A log-likelihood ratio was calculated for every node on the tree. The maximum among these log-likelihood ratios from the real data set is the test statistic for the entire analytic dataset. This maximum is compared with the maximum log-likelihood ratios that were calculated in the same way from simulated datasets generated under the null hypothesis. If the test statistic from the real dataset is among the 5 percent highest of all the maxima, the null hypothesis is rejected. The fact that it is the maxima over the whole tree is what adjusts for the multiple testing. This hypothesis testing method allows one to detect whether any node on the tree had clusters of excess outcomes that were statistically significant while adjusting for multiple testing inherent to evaluating more than six thousand nodes [31]. Specific details of this procedure are included in the eAppendix.

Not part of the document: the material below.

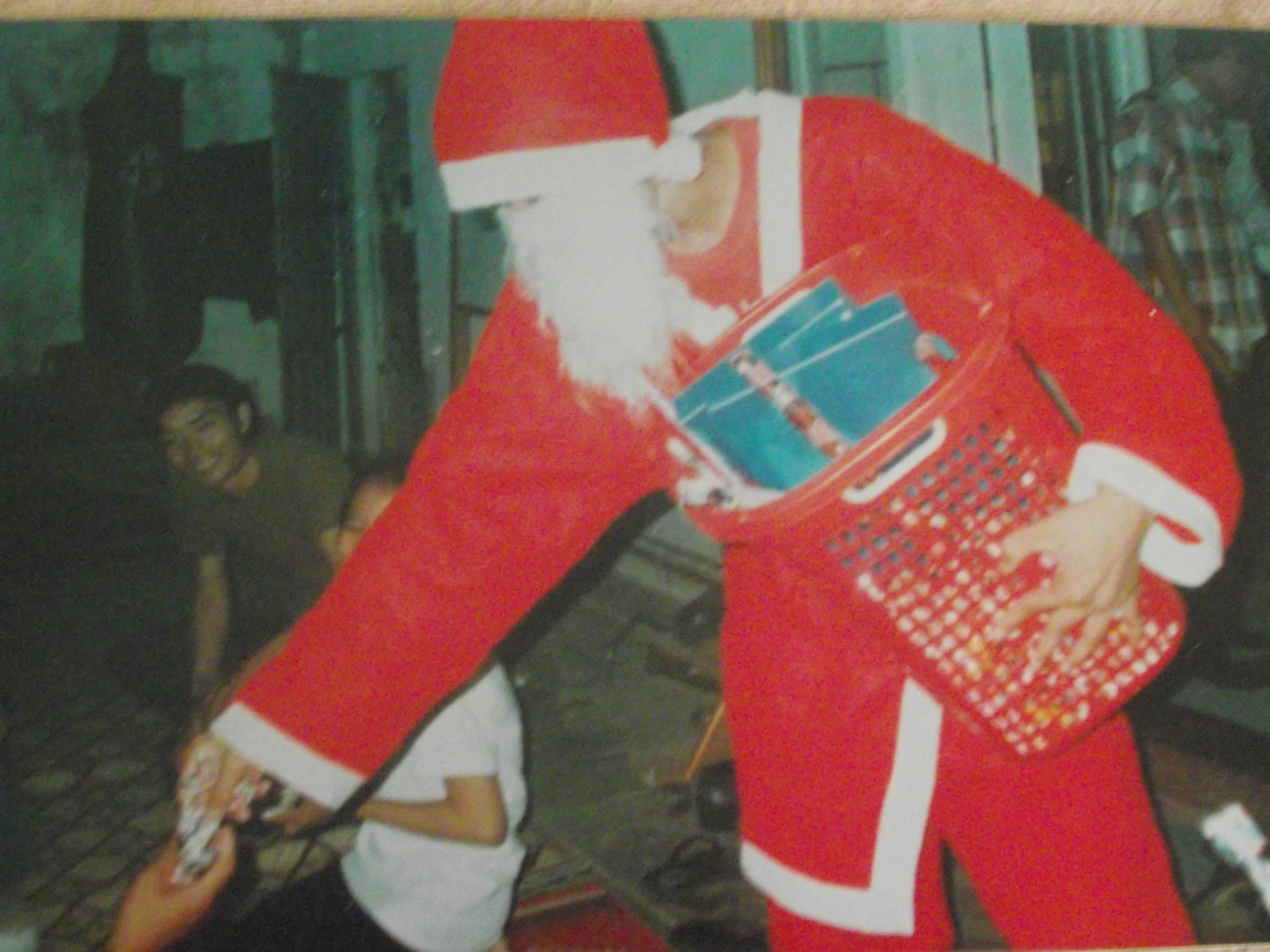 Santa (Alias Da’Vid) made a surprise visit with a knapsack full of lucky dips. The wide eyed local children peered apprehensively at their first encounter with the bearded, red-suited, mythical stranger.

Tree-based scan statistics can be used unconditionally or one can condition on the total number of observed outcomes in the dataset. Mathematical expressions for both versions can be found in the eAppendix. Conditioning is a mechanism to control for situations when there is an across-the-board increase in health care utilization during a particular time period that is unrelated to the exposure of interest. This situation might occur commonly in vaccine safety surveillance when the cohort has follow-up tests or visits in the days immediately following their well-care visit when a vaccine was administered. The conditional tree-based scan statistic attenuates this health care utilization unrelated to the exposure by standardizing all diagnoses by the frequency with which they appear in the dataset.